== EXERCISE DATA ==
++++++++++++++++++++
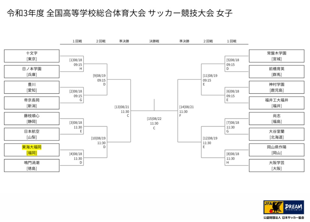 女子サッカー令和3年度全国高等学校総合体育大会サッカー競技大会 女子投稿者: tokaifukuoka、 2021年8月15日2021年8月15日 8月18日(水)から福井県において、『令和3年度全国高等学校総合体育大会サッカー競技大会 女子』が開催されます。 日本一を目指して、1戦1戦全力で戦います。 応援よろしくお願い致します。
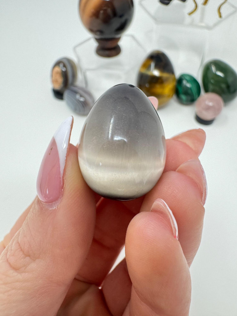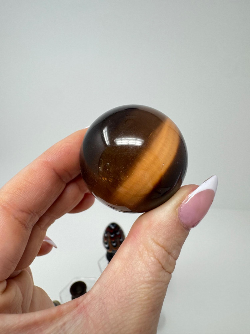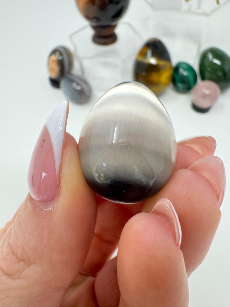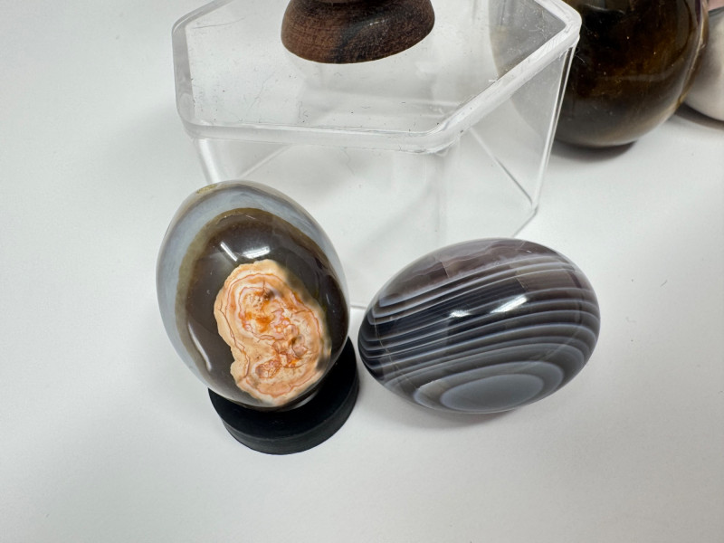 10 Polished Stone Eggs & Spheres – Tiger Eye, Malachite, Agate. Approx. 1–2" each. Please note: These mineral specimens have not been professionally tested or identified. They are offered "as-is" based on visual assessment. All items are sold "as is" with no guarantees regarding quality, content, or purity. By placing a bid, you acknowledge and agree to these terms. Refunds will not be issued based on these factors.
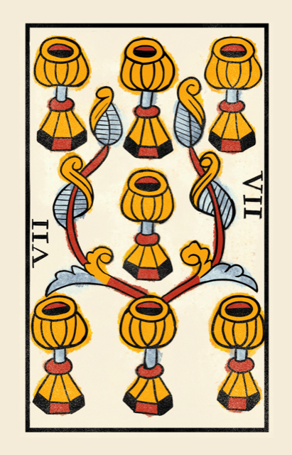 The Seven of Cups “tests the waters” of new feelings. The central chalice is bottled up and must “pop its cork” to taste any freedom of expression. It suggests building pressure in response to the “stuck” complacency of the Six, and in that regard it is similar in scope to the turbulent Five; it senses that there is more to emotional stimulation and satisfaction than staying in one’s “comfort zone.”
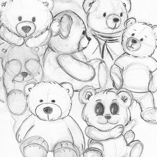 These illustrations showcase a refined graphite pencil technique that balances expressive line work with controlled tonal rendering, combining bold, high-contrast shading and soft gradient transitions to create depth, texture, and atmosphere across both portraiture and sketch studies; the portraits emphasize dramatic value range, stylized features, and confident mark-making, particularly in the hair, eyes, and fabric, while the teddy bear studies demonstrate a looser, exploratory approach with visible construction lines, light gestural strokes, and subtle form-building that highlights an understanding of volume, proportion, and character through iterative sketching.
++++++++++++++++++++
== REQUIRED WORK ==
Write out every line above again exactly, with the pictures left out.

== ANSWER BOX ==
 女子サッカー令和3年度全国高等学校総合体育大会サッカー競技大会 女子投稿者: tokaifukuoka、 2021年8月15日2021年8月15日 8月18日(水)から福井県において、『令和3年度全国高等学校総合体育大会サッカー競技大会 女子』が開催されます。 日本一を目指して、1戦1戦全力で戦います。 応援よろしくお願い致します。
 10 Polished Stone Eggs & Spheres – Tiger Eye, Malachite, Agate. Approx. 1–2" each. Please note: These mineral specimens have not been professionally tested or identified. They are offered "as-is" based on visual assessment. All items are sold "as is" with no guarantees regarding quality, content, or purity. By placing a bid, you acknowledge and agree to these terms. Refunds will not be issued based on these factors.
 The Seven of Cups “tests the waters” of new feelings. The central chalice is bottled up and must “pop its cork” to taste any freedom of expression. It suggests building pressure in response to the “stuck” complacency of the Six, and in that regard it is similar in scope to the turbulent Five; it senses that there is more to emotional stimulation and satisfaction than staying in one’s “comfort zone.”
 These illustrations showcase a refined graphite pencil technique that balances expressive line work with controlled tonal rendering, combining bold, high-contrast shading and soft gradient transitions to create depth, texture, and atmosphere across both portraiture and sketch studies; the portraits emphasize dramatic value range, stylized features, and confident mark-making, particularly in the hair, eyes, and fabric, while the teddy bear studies demonstrate a looser, exploratory approach with visible construction lines, light gestural strokes, and subtle form-building that highlights an understanding of volume, proportion, and character through iterative sketching.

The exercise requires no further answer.